ResNet V2 is well-suited for medical image analysis, namely, in predicting glaucoma disease. It excels at properly detecting tiny characteristics in retinal images. Figure 4 shows ResNet V2 architecture for glaucoma disease prediction.
 |
FIGURE 4: ResNet V2 architecture for glaucoma disease prediction. |
|
Architectural components
The architectural components are:
- Residual Blocks: ResNet V2’s fundamental building block, Residual Blocks, uses identity mapping to address disappearing gradients. Every block comprises ReLU activation functions and batch normalisation (BN) accompanying a series of convolutional layers. An equivalent shortcut connection then follows to add the block’s input to its output. Including this skip link helps the gradients to flow across the network, hence supporting the training of more complicated designs.

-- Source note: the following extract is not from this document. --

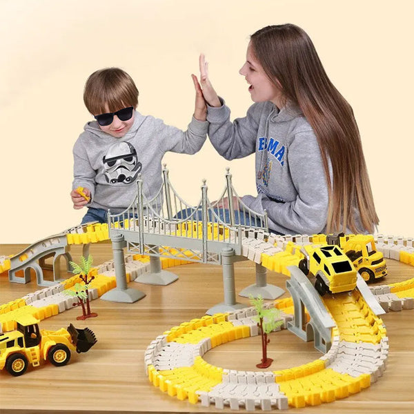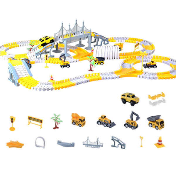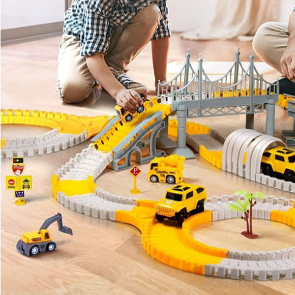 This construction race track set allows kids to easily assemble and customize their track layouts for exciting and imaginative racing adventures.

- ResNet V2 enhances the original ResNet by putting BN and ReLU activation before rather than after the weight layers in the residual blocks. Especially helpful when working with complex patterns in retinal images, the pre-activation method improves the stability and convergence of training.

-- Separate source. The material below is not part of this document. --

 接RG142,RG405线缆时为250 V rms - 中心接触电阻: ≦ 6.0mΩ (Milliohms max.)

- ResNet V2 architecture sometimes uses a bottleneck design in its residual blocks, with three layers: a 1 × 1 convolution for dimensionality reduction, a 3 × 3 convolution, and yet another 1 × 1 convolution for dimensionality restoration. This configuration reduces the processing load and lets one employ deeper networks without running too much computational cost.

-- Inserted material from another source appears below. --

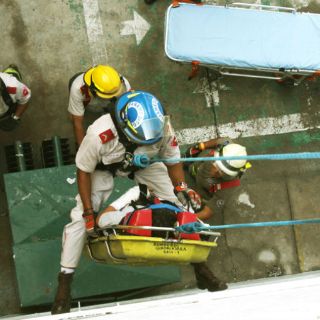 Para ponerlos en la ambulancia fue necesario habilitar un sistema de cuerdas de rescate para descenderlos en camilla adecuadamente con el menor daño posible dadas las afectaciones en su cuerpo.

- ResNet V2 substitutes the worldwide average pooling before the last softmax layer for the traditional completely linked layers. These steps are taken by lowering the number of parameters, therefore preventing overfitting, and making sure the network focuses on the most important traits for classification.
Proposed GlaucoNet Architecture for Glaucoma Disease Prediction
Combining three strong deep learning models – MobileNetV2, Inception, and ResNet – the method presents a whole solution for glaucoma identification. The process starts with data collected from the A CRIteria-based Retinal Image Database for Glaucoma Analysis (ACRIMA) and Online Retinal Fundus Image Database for Glaucoma Analysis (ORIGA) databases. After that, the data are compiled and divided into several sets for needs in training, validation, and testing. Among data augmentation methods, rotating, shifting, zooming, sharing, and channel shifting improve the quality of the training set. Each model is then trained with the better data, and thereafter maintained. The GlaucoNet model is formed by the average of the three models’ forecasts. One can assess the model by means of the computation of evaluation criteria, including accuracy, sensitivity, specificity, and AUC. The GlaucoNet model is finally used to identify glaucoma by means of real-time predictions on newly acquired fundus images, thereby offering a rather accurate and efficient approach. Figure 5 shows the working idea of the proposed GlaucoNet model.
 |
FIGURE 5: Proposed GlaucoNet model for glaucoma disease prediction. |
|
Predictions from MobileNetV2, InceptionV3, and ResNet50 are combined using a weighted averaging strategy, where each model’s contribution is proportional to its validation accuracy. This weighted fusion ensures a balanced ensemble performance.
Statistical validation
To assess the robustness of model performance, 95% confidence intervals (CIs) were calculated for accuracy, sensitivity, specificity, and AUC values using bootstrap resampling (n = 1000). In addition, pairwise AUC comparisons between the proposed GlaucoNet model and the individual CNNs (MobileNetV2, InceptionV3, and ResNet50) were conducted using the DeLong test, providing statistical evidence of significance. A p-value of less than 0.05 was considered statistically significant.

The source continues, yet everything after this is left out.